- Born: Paul Robert Medlock July 20, 1912
- Origin: United States
- Died: August 6, 1982 (aged 70)
- Genres: Blues; country; bluegrass;
- Occupations: Musician, songwriter
- Instruments: Harmonica, banjo, guitar
- Years active: 1969–1982
- Website: www.michaelherring.com/shorty

= Shorty Medlocke =

American musician (1912–1982)

Shorty Medlocke (born Paul Robert Medlock, July 20, 1912 – August 6, 1982) was an American blues, country and bluegrass musician and banjo player. He is the grandfather of Rickey Medlocke of the Southern rock bands Blackfoot and Lynyrd Skynyrd. Despite his stage name "Medlocke", his real surname officially is spelled without an "e" on the end.

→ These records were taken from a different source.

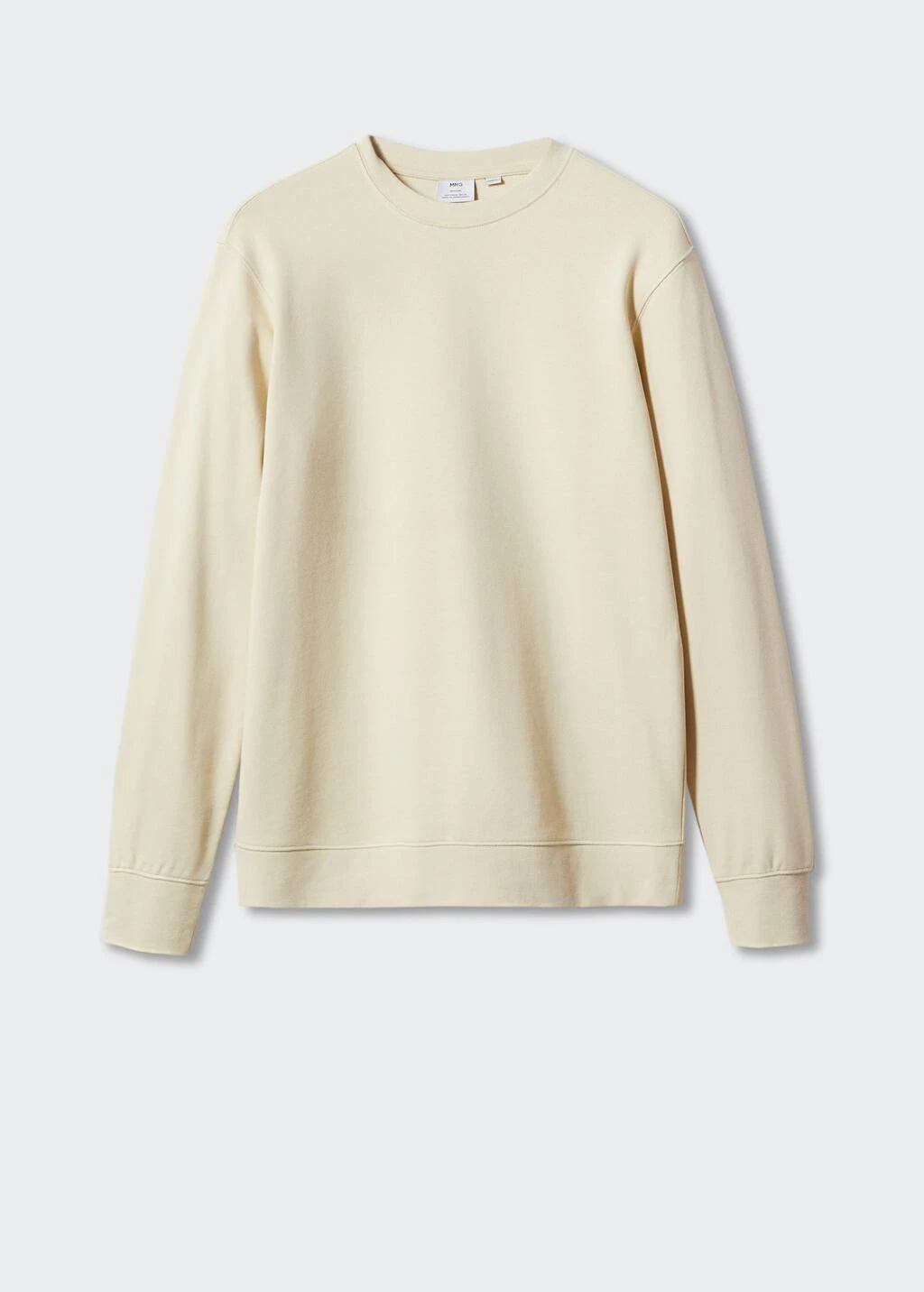 les essentiels : concus pour durer, tissu 100 % coton, tissu en coton durable, regular-fit, col rond, manches longues avec poignets elastiques, manches longues, bords coteles elastiques, bas elastique, le mannequin mesure 183 cm et porte une taille mComposition: 100% coton
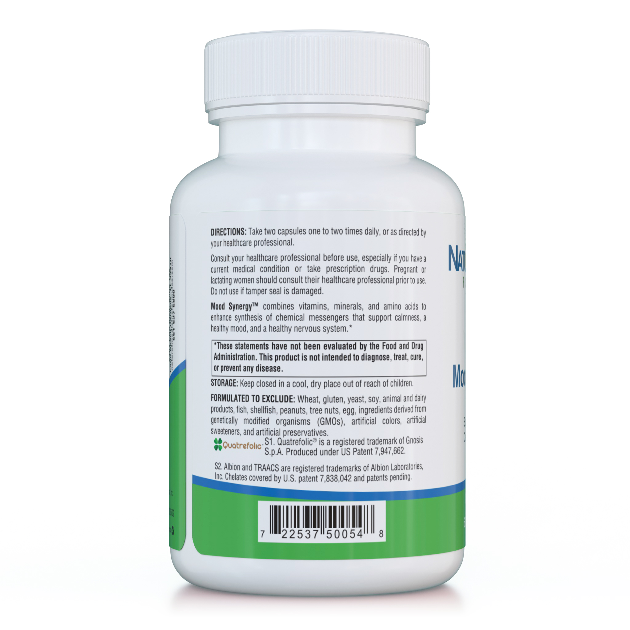 Vitamins, minerals, amino acids, and other nutrients are necessary for the synthesis of neurotransmitters, healthy nerve transmission, healthy brain chemistry, and normal muscle contraction/relaxation. Components of Mood Synergy™ address each of these areas.*
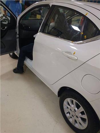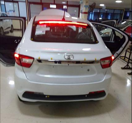 The sub 4 metre long compact sedan spotted here sports a shade of white, and in its production guise does away with the blacked out roof section that was earlier seen on the model displayed at the Auto Expo. The rest of the visuals have been honestly carried over from the concept, and include a chrome strip running between the tail lamps, an integrated spoiler, and a radio antenna. The smaller, production friendly wheels from the Tiago also tend to make the Kite 5 a bit fat from the sides, but the coupe-like silhouette does make it one of the better looking compact sedans out there.
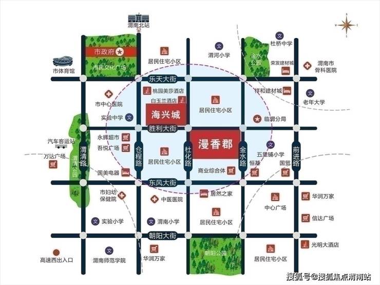 交通配置:渭南北站、新客运中心交通门户,有1、2、6、8、11、12、13、16、216路公交车
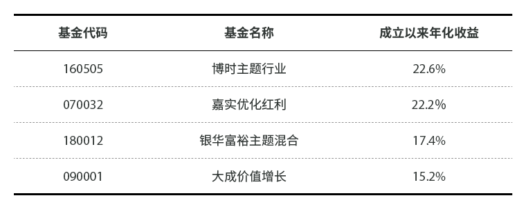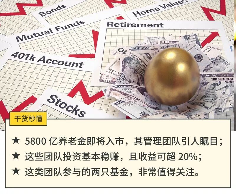 其实这类主动管理型的牛基,市场上还有很多,而且,可能比腾讯推荐的更稳。有多稳?就是稳到能帮国家打理养老金那种。众所周知,中国已经进入老龄化社会,养老金缺口很大。所以中央也在帮大伙想办法,用养老金做投资赚点钱。由于养老金牵涉到亿万国人的养老问题,所以这个投资是绝对不能亏的。于是人社保基金就从全国筛选了少数非常资深、非常稳健的基金经理,来做养老金的投资。之前社保基金也是这么玩的,结果,也确实是稳赚的……菜鸡怎么突然说起这事儿了呢?因为就在本周,人社部宣布,又将有5800亿资金进入股市。于是市场又都在谈论养老基金的投资风格和策略。因为大家都知道,这帮老司机风格稳健,且有特殊资源加持,很容易顺着他们找到稳赚的机会。最直接的机会,就是跟着他们一起买股票。市场上确实有很多人在猜,养老基金买了什么股票,是不是可以跟一跟。然而遗憾的是,信息披露有滞后,等大家知道养老基金曾买入某股票的时候,这个股票的价格可能已经比较高了。但是退而求其次,我们可以买和养老金投资策略类似的基金,等于变相买入他们投过的一揽子股票,可以说是妥妥的躺赚。这个怎么找呢?因为国家可没有披露这14家基金公司的团队,更没有披露他们的投资策略。这个难不倒想赚钱的老司机。第一,有人从上市公司季报里面,发现了6家基金公司养老金专户的影子。因为他们买着买着,就买成了十大流通股股东,必须做信息披露了。第二,老司机们还发现,其中的4家基金公司,有同样团队同样风格的基金,也上了前十股东。四家基金公司分别是:银华基金、大成基金、嘉实基金和博时基金。他们类养老金策略的基金,菜鸡也给挑出来了。成立时间都比较长,年化收益在15-22%之间,果然是又稳又赚。如果一定要在这个牛基里,再挑两个的话。可能就是前两个更厉害一点。因为这两只基金,投资比较分散。这种策略是为了分散风险,收益通常比较稳健,也往往比较低。结果这种稳健型的策略,收益反而更高,那确实是实力超群。而后两者过于集中在某些行业,不仅收益略低,且风险也要大很多。当然,基金投资总是有风险的,短期的波动不可避免。考虑到基金经理的稳健,超牛的历史业绩、以及特殊资源加持,这样的基金,已经是极少数值得考虑的优质标的了。如果你是一个长线投资者的话,这种追求长期、稳健收益的类养老基金,就更是首选了!因为如果你持有5年的话,按年化20%来算,总收益也高达150%!由于楼市被锁死,接下来几年里,这样的长线机会,还真是不可多得……发自我的 iPad
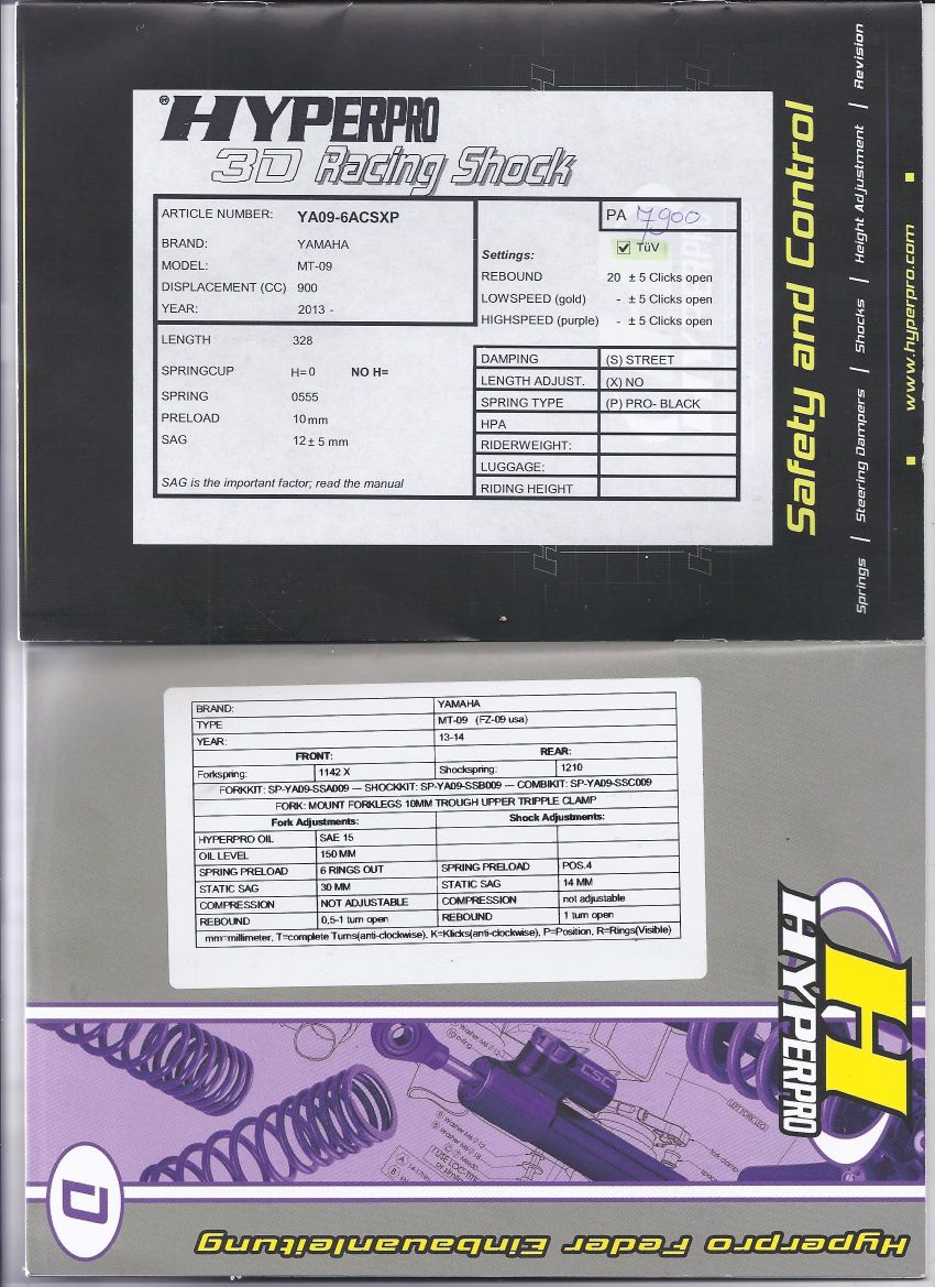 #58 Zitat von TeambanzaiAlles anzeigenWenn du bei Hyperpro dein Gewicht angegeben hast und mitgeteilt hast ob du viel mit Sozius unterwegs bist kannst es so wie es ist einfach einbauen und freude haben.
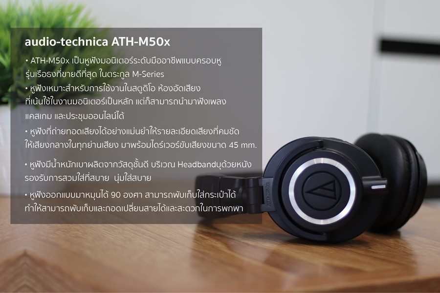 สำหรับ ATH-M50x เป็นหูฟังมอนิเตอร์ระดับมืออาชีพแบบครอบหู รุ่นเรือธงที่ขายดีที่สุดในตระกูล M-Series ของAudio-Technica หูฟังที่ถ่ายทอดเสียงได้อย่างแม่นยำให้รายละเอียดเสียงที่คมชัดให้เสียงกลางในทุกย่านเสียงอีกทั้งตัวหูฟังมีน้ำหนักเบา
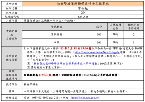 (網址:https://www.yzu.edu.tw/admissions/index.php/tw/yan-jiu-suo-zhao-sheng/shuo-shi-zai-zhi-zhuan-ban/792-yuan-zhi-da-xue113xue-nian-du-shuo-shi-zai-zhi-zhuan-ban-zhao-sheng-jian-zhang-gong-gao)
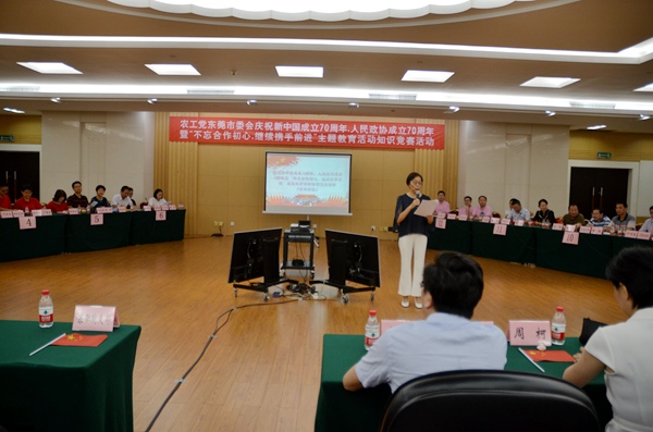 2019年10月20日下午,农工党东莞市委会举办的庆祝新中国成立70周年、人民政协成立70周年暨“不忘合作初心,继续携手前进”主题教育活动知识竞赛现场竞赛在东莞市行政中心主楼多功能报告厅举行,市委会副主委赫喜华主持了竞赛,副主委袁明杰、周柯参加活动。
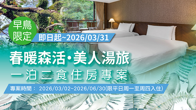 早鳥訂房預購:即日起~2026 / 03 / 31
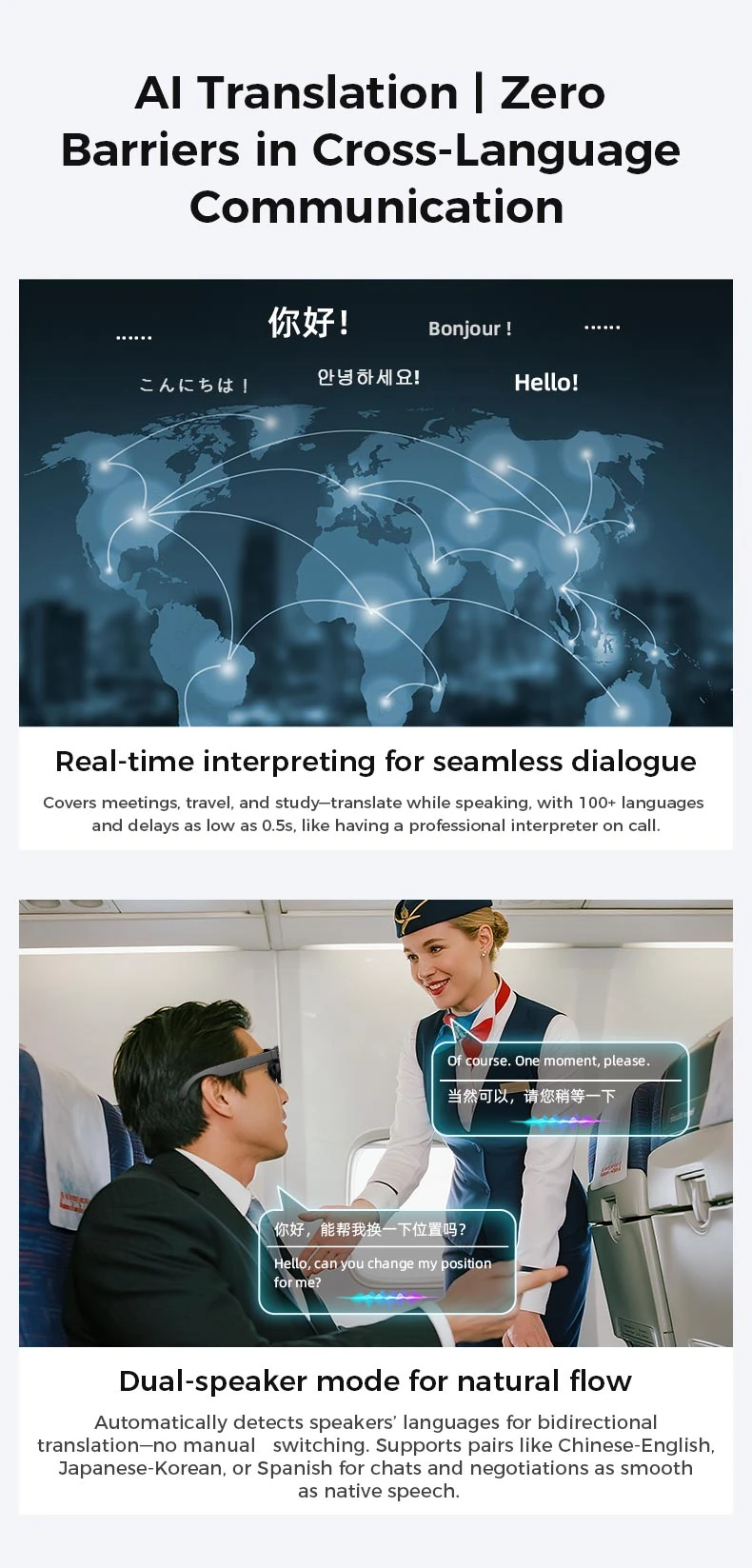 AI Smart Translation Bluetooth Glasses 12MP HD Photography Anti-Shake Video Recording Live Streaming Long Battery Life
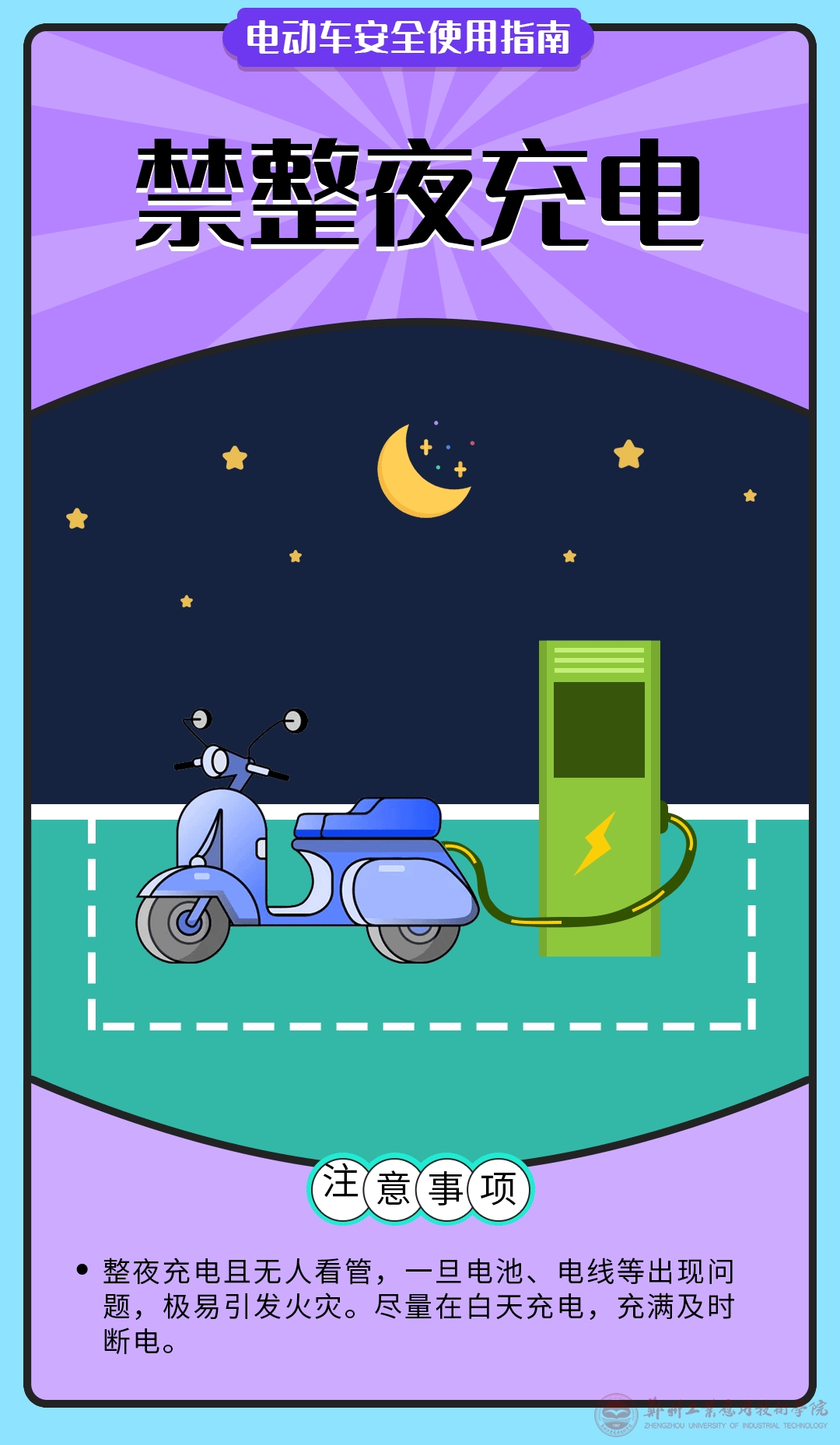 三、严禁整夜或长时间充电。整夜充电且无人看管,一旦电池、电线等出现问题,极易引发火灾。应尽量在白天充电,充满及时断电。
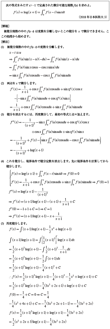 [C]2回の微積分が必要な積分方程式の問題(2018年日本医科大3)

Starting in 1969, Shorty made contributions to Blackfoot's music. He wrote the Top 40 hit "Train, Train" (released on the album Strikes), and played harmonica on the track. For the follow-up album Tomcattin', Shorty co-wrote the song "Fox Chase" and gave the song a short introduction. For Marauder, Shorty co-wrote "Rattlesnake Rock 'n' Roller" and played banjo on the track. Shorty had also appeared on Blackfoot's 1975 debut album, No Reservations, singing a version of "Railroad Man" (which he also wrote).
Shorty Medlocke was also one of the inspirations for the song "Ballad of Curtis Loew" by Lynyrd Skynyrd.